Women Should Train Completely Differently Than Men | Educational Video | Biolayne

Biolayne (Layne Norton, PhD)
Biolayne (Layne Norton, PhD)Apr 8, 2026

Why It Matters

Recognizing that women recover faster between sets can refine resistance‑training programming, enhancing efficiency and reducing overtraining risk for both sexes.

Key Takeaways

  • Women performed twice as many reps as men in fatigue protocol.
  • Both sexes showed similar velocity loss within individual sets.
  • Women recovered rep velocity between sets faster than men.
  • Blood lactate rise was lower in women, indicating reduced metabolic fatigue.
  • Faster set-to-set recovery suggests women may tolerate higher training volume.

Summary

The video reviews a newly published bench‑press study that compared fatigue and recovery patterns between male and female lifters. Participants first established a one‑rep max, then returned for two test sessions: a single set to failure at 75% of that max, and a multi‑set protocol of five reps per set with 90‑second rests, while researchers recorded rep velocity and blood lactate.

Results confirmed that men lifted more absolute weight, yet women completed roughly twice as many repetitions in the multi‑set fatigue protocol. Intra‑set velocity loss was comparable across sexes, but women regained their peak rep velocity between sets markedly faster. Correspondingly, women exhibited a smaller post‑exercise lactate surge, suggesting lower metabolic fatigue, while overall soreness and strength recovery over subsequent days were similar.

A highlighted comment from the researchers notes, “women recovered to their fastest velocity on the next set way better than men,” prompting speculation that absolute load, not just relative intensity, may drive observed differences. The presenter argues that future work should scale protocols to equal absolute loads to isolate true sex‑based recovery traits.
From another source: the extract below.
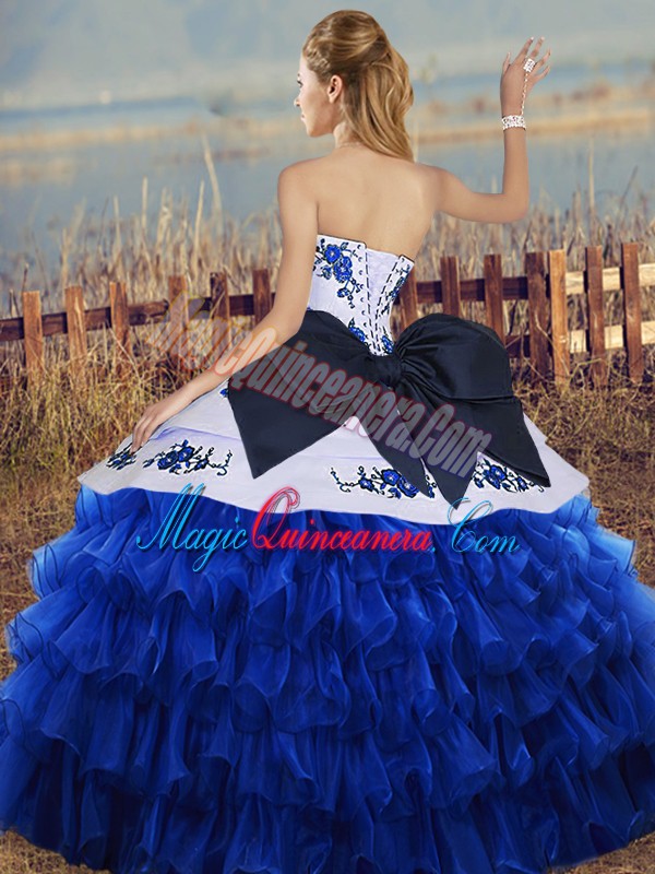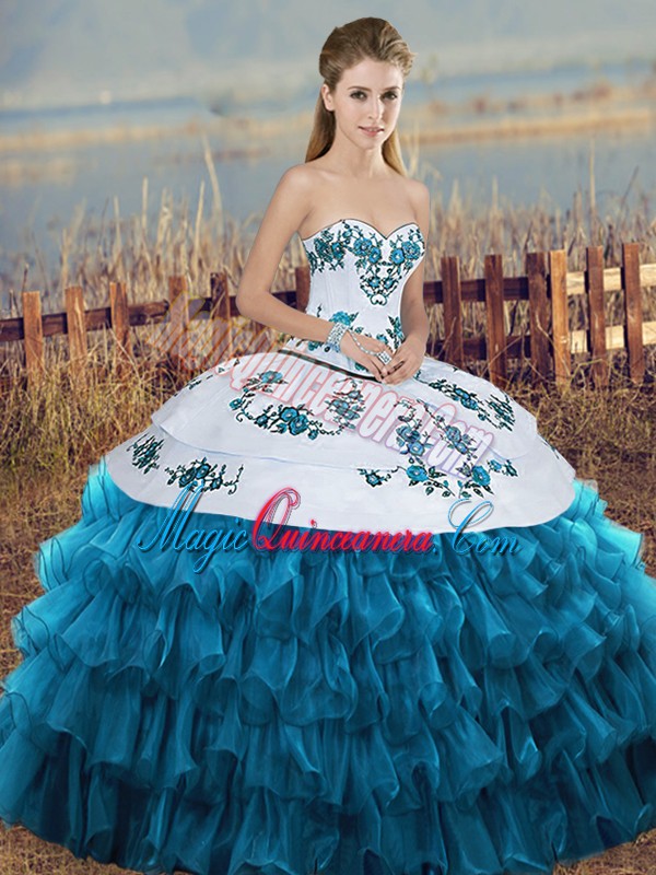 Cheap Sweetheart Sleeveless Organza Quince Ball Gowns Embroidery and Ruffled Layers and Bowknot Lace Up

Practically, the findings imply that women can tolerate higher set‑to‑set volume without compromising recovery, though higher volume is not mandatory. Coaches should consider individual recovery rates rather than defaulting to sex‑based prescriptions, adjusting volume when athletes plateau while monitoring fatigue markers.

Original Description

A new study (PMID: 41527566) is making the rounds, and like usual… the hot takes are getting ahead of the data.
Here’s what the study actually found 👇
• Women and men had similar fatigue within a set
• BUT women recovered better between sets
• Women completed ~2x more total reps in a repeated set protocol (75% 1RM, sets of 5, 90s rest)
• Women had lower blood lactate and better velocity recovery between sets
Sounds like women are just “more fatigue resistant,” right? Not so simple.
In a single set to failure at 75% 1RM → no difference in reps between men and women. So the difference shows up between sets, not within them.Now here’s the part most people are missing:
Women are lifting lower absolute loads than men. And absolute load matters. We already see this in strength sports:
Lighter lifters can often handle higher frequency and more work at ≥80% of 1 RM. Heavyweights? Not even close.
So is this a “sex difference”…or at least partially an absolute load issue?
👉 Possibly some of both.
👉 But we don’t have enough data yet to separate them cleanly.
And most importantly…
🚫 This does NOT mean women automatically need more volume
🚫 This does NOT mean completely different programming
When volume is equated, men and women show similar relative hypertrophy responses (PMID: 40028215).
So before you overhaul your training (or your clients’) based on one study… Take a breath. Look at the totality of evidence.